Creating and training a model for OpenNlp using BRAT?

I may need to create a custom training set for OpenNLP, and this will require me to manually annotate a lot of entries.

To make things easier, a GUI solution may be the best idea (manually writing annotation tags it's not cool), and I've just discovered BRAT which looks like what I need.

BRAT can export an annotated file (.ann), but I'm not finding any reference to this filetype in OpenNLP's manual and I'm not sure that this can work.

What I'd like to do is to export this annotated file from BRAT and use it to train an OpenNLP's model, and I don't really care if it can be done using code or CLI.

Can someone point me in the right direction?

Upvotes: 3

Views: 1156

Answers (1)

Joern
Joern

Reputation: 186

OpenNLP has native support for the BRAT format for training and evaluation of the Name Finder. Other components are not supported currently. Adding support for other components would probably not be difficult and in case you are interested you should ask for it on the opennlp-dev list.

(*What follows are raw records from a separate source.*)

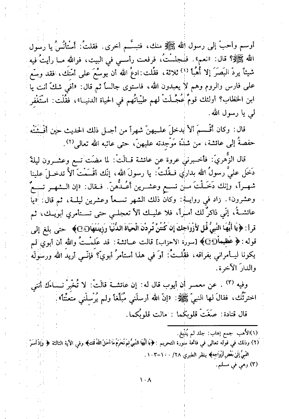 أوسم وَأحب إِلَى رَسُول الله صلى الله عَلَيْهِ وَسلم مِنْك، فَتَبَسَّمَ أُخْرَى. فَقلت: أستأنس يَا رَسُول الله صلى الله عَلَيْهِ وَسلم؟ قَالَ: " نعم ". فَجَلَست، فَرفعت رَأْسِي فِي الْبَيْت، فوَاللَّه مَا رَأَيْت فِيهِ شَيْئا يرد الْبَصَر إِلَّا أهباً ثَلَاثَة، فَقلت: ادْع الله أَن يُوسع على أمتك، فقد وسع على فَارس وَالروم وهم لَا يعْبدُونَ الله، فَاسْتَوَى جَالِسا ثمَّ قَالَ: " أَفِي شكّ أَنْت يَا ابْن الْخطاب؟ أُولَئِكَ قومٌ عجلت لَهُم طَيِّبَاتهمْ هم فِي الْحَيَاة الدُّنْيَا "، فَقلت: اسْتغْفر لي يَا رَسُول الله.
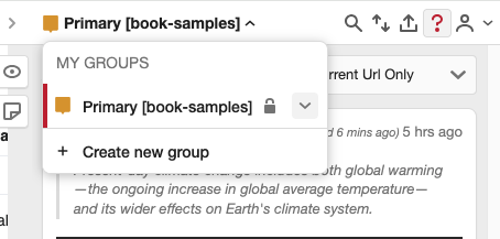 Choose Your Group: At the top of the Annotator sidebar, click the Groups menu to pick the specific group you are working with.
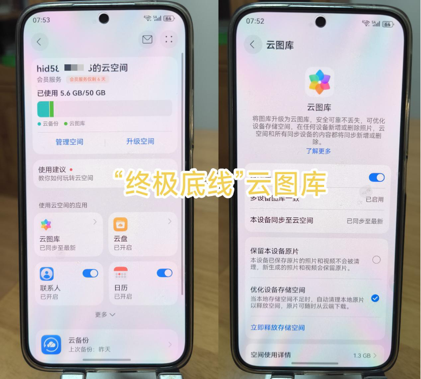 对于重要数据,华为云空间“云图库”能力堪称数据安全“底线”。我作为创作者,手机里的素材不仅怕丢失,还很占存储空间,开启云图库功能后,云空间会自动把高清照片和视频同步到云端。哪怕设备遗失、损毁了,换个手机登录HUAWEI ID,就可以把这些数据回来。而勾选了云图库里面的“优化设备存储空间”功能后,系统还会把设备上早期不常用的照片视频替换为较小版本,为手机腾出来更多空间。
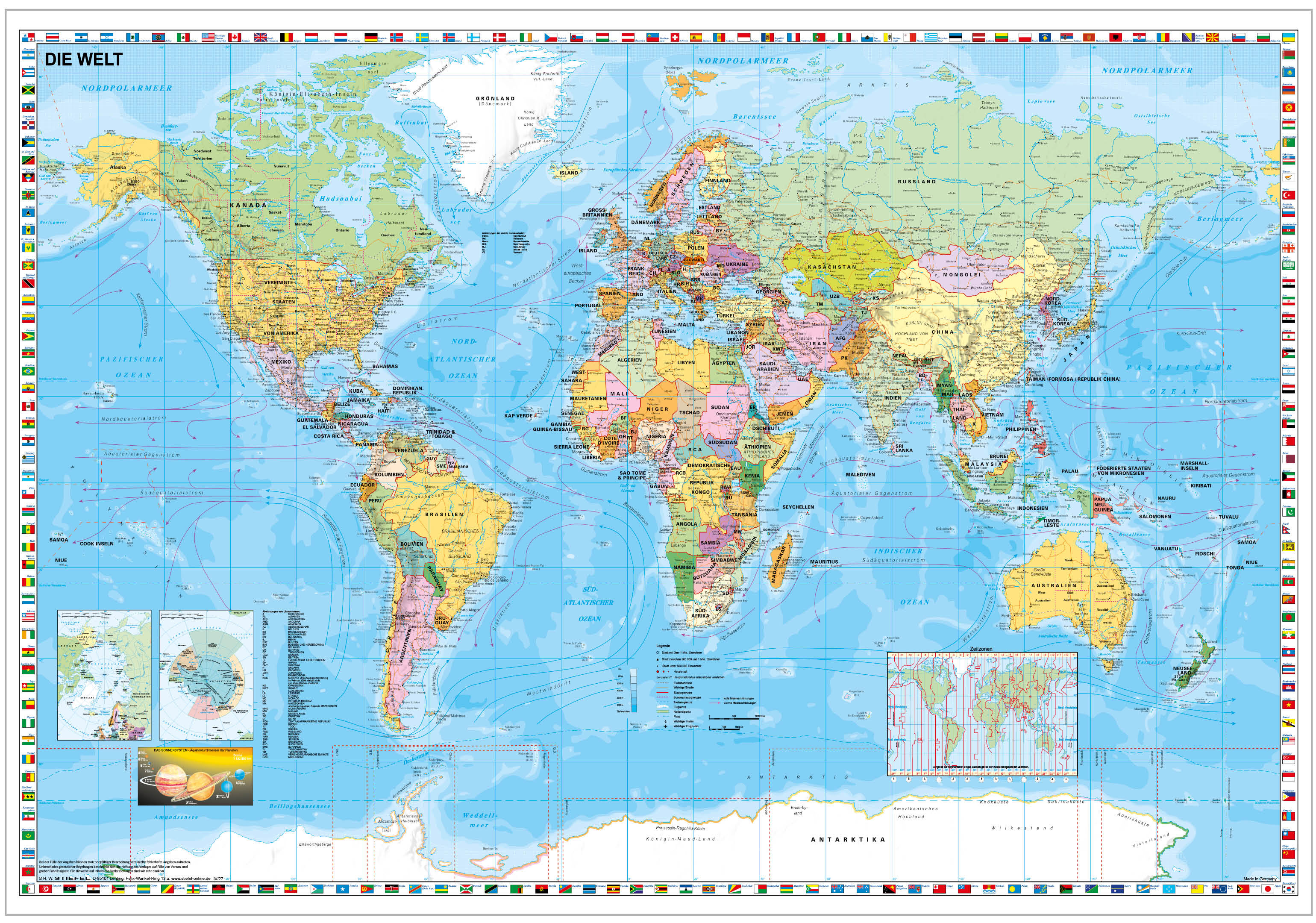 - Inhalte: Ländergrenzen, Hauptstädte/Städte, Meerestiefen, warme/kalte Strömungen, Zeitzonen, Polar-Insets, Seehäfen, internationale Flughäfen, Flaggen, Planetenübersicht
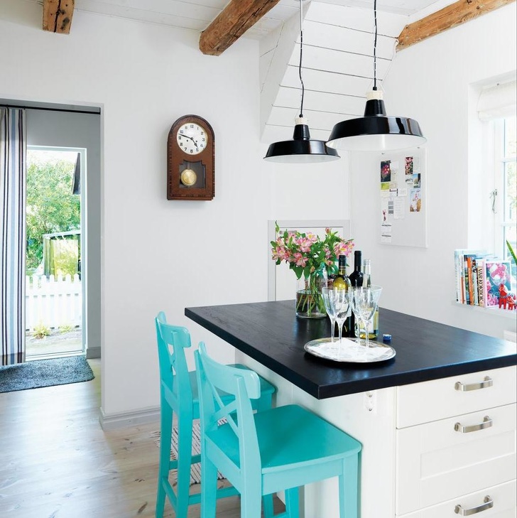Бірюзовий колір стільців не тільки освіжає, але і чудово поєднується і з темною, і зі світлою гамою.
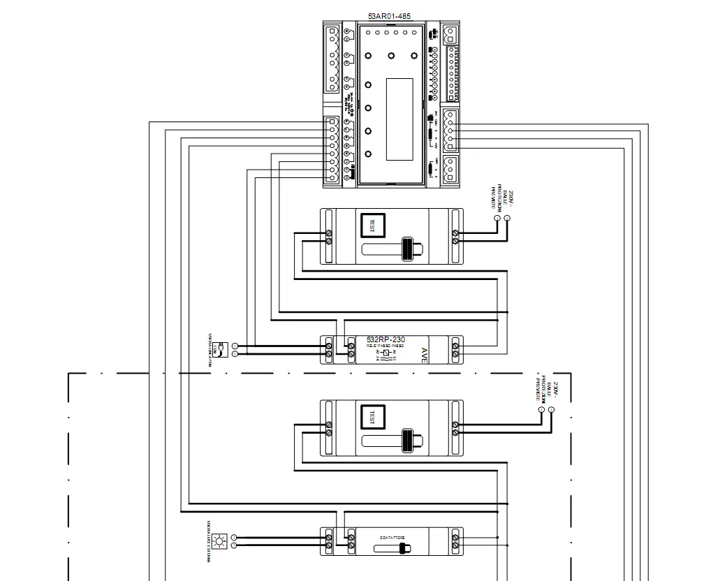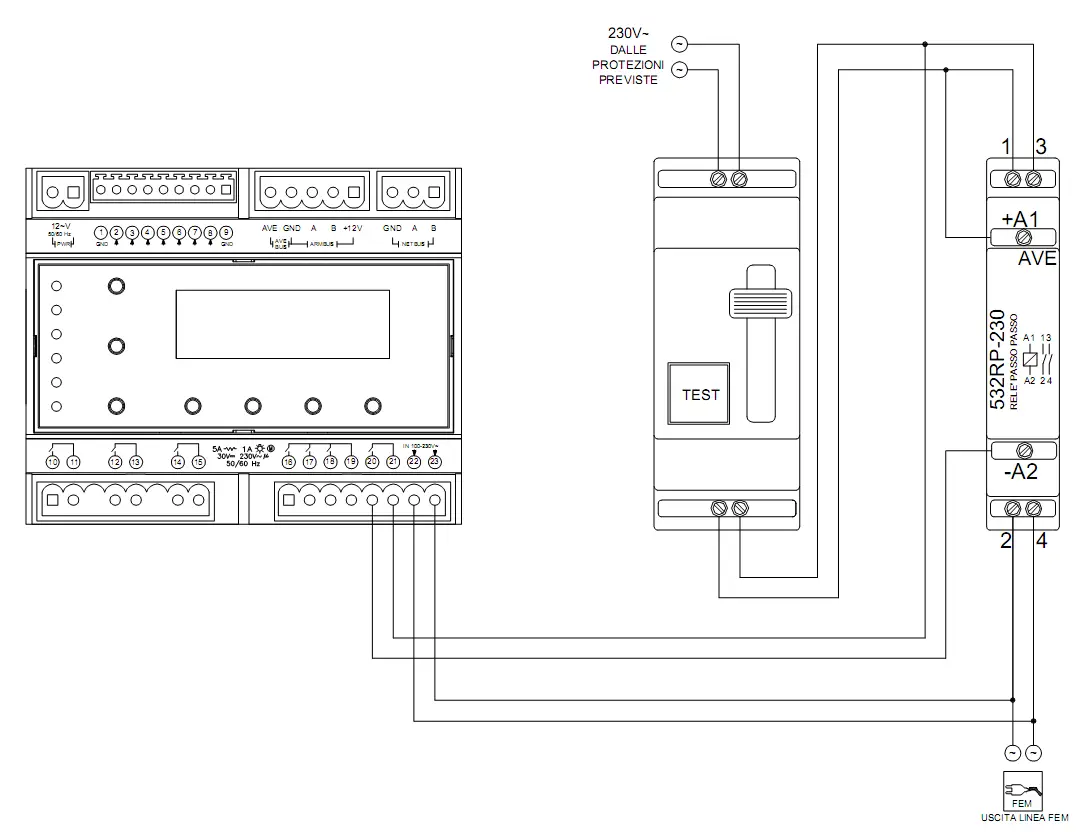 The connection of the room relay that manages the FEM is controlled directly by the room control unit 53AR01-485 and must be connected as shown in the scheme below.
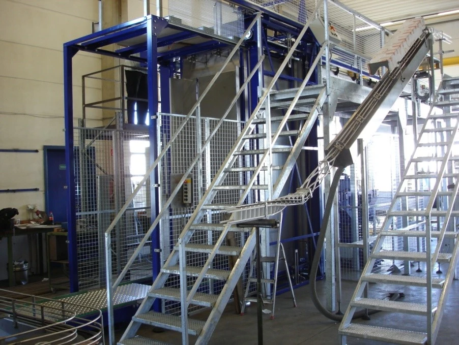 Likewise, the mechanical engineering of the palletizer and depalletizer amongst others according to the special conditions in the production halls or according to the desired level of technical equipment of the system, such as manual, partially or fully automatic control.
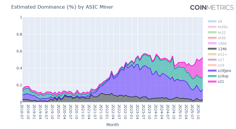 The best ASIC is not always the most expensive or the most powerful one. Surprisingly, the majority of miners operating at the turn of 2025-2026 are models released a year and a half ago or more, such as the Bitmain Antminer S21 series (representing 23% of Bitcoin's total hashrate according to CoinMetrics — more on that below). Today, adequate ASIC miner profitability is ensured by equipment with an energy efficiency range of 13 to 16.5 W/TH. Profitability analysis in mining calculators is best when based on commonly used models than on top models.

The CLI can be used to train a model with brat, here is the command which will show you the usage:

  • bin/opennlp TokenNameFinderTrainer.brat

The following arguments are mandatory to train a model:

  • bratDataDir this should point to a folder containing your .ann and .txt files
  • annotationConfig this has to point to the config file brat is using for annotation project
  • lang the language of your text documents (e.g. en)
  • model the name of the created model file

The Name Finder needs its input cut into sentences and into tokens. By default it assumes one sentence per line and applies white space tokenization. This behavior can be adjusted with the ruleBasedTokenizer or tokenizerModel arguments. Additional it is possible to use a custom sentence detector model via the sentenceDetector Model argument.

To evaluate your model the cross validation and evaluation tools can be used in a simliar way by attaching .brat to their names.

  • bin/opennlp TokenNameFinderCrossValidator.brat
  • bin/opennlp TokenNameFinderEvaluator.brat

To speed up your annotation project you can use the opennlp-brat-annotator. It can load the Name Finder model and integrates with BRAT to automatically annotate your documents. This can speed up your annotation effort. You can find that component in the opennlp sandbox.

Upvotes: 3

Related Questions